Asia
2013-02-21
ÁSIA/PAQUISTÃO - Contra terrorismo e sectarismo, o governo busca o apoio dos ulemás
Islamabad (Agência Fides) – O elogio vai para aqueles ulemás (chefes religiosos islâmicos) que “foram fiéis em dar e viver a mensagem de unidade, de amor e de paz e em condenar todo ato de violência neste país".
Um dia depois do massacre de xiitas no Baluchistão – último de uma longa série que em dez anos causou no Paquistão, segundo estimativas oficiais, 30 mil vítimas - o governo paquistanês, através das palavras de Paul Bhatti, o ministro para a Harmonia Nacional, estabelece uma aliança com os líderes religiosos, principalmente com aqueles islâmicos, na luta contra o "terrorismo, violência sectária, extremismo e discriminação que tocaram o pico da nossa história", causando a perda de "milhares de preciosas vidas inocentes". Conforme relatado à Fides, na conferência nacional intitulada "Viver juntos na diversidade", realizada ontem em Islamabad, participaram Raja Pervez Ashraf, primeiro-ministro do Paquistão, ministros federais, parlamentares, senadores, muitos líderes e representantes de comunidades religiosas. A Assembleia reiterou sua vontade de promover o diálogo inter-religioso e intercultural como um meio de criar uma solução pacífica e harmoniosa no Paquistão e combater "as forças de violência e intolerância que continuam a ser alimentada pela pobreza e analfabetismo".
Bhatti ressaltou em seu discurso, enviado à Agência Fides, a existência de "uma mentalidade que fomenta o ódio", uma mentalidade "antirreligiosa, anti-islâmica, anti-humana, ao contrária ao que imaginava o Pai fundador Muhammad Ali Jinnah, que sonhava com um país onde as pessoas de todas as tradições religiosas podem conviver juntas, pacificamente, sem discriminação e medo".

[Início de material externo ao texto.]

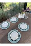 4 Kişilik Yuvarlak Amerikan Servis Özel Tasarım Su yeşili 33 x 33 cm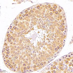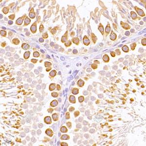 IHC检测Socius蛋白(货号 GB112594). 样品: 小鼠睾丸, 4%多聚甲醛 (货号G1101) 固定12-24小时. 抗原修复: 柠檬酸抗原修复液(干粉, pH 6.0) (G1201), 98℃, 20分钟. —抗: 1: 2000稀释, 4℃ 孵育过夜. 二抗: HRP标记山羊抗兔IgG (H+L) (货号GB23303), 1: 200稀释, 室温孵育1小时. |

Observando a urgência do momento, Bhatti pede a todas as forças saudáveis do país, na política, na sociedade, nas comunidades religiosas, "para lutar juntas contra essa mentalidade, que por muito tempo enfraqueceu a nossa sociedade", impedindo seu desenvolvimento também em termos econômicos. É o desafio crucial que o Paquistão enfrenta hoje – nota o ministro – que pede "pensamento cuidadoso, nervos de aço, um esforço coletivo e uma ação firme no presente e futuro". Para garantir a paz, estabilidade, democracia, igualdade, justiça, unidade de todo o povo paquistanês, conclui, é necessária a elaboração de um "roteiro" que acolhe as propostas dos líderes religiosos, estudiosos, acadêmicos, políticos e representantes da sociedade civil. (PA) (Agência Fides 21/2/2013)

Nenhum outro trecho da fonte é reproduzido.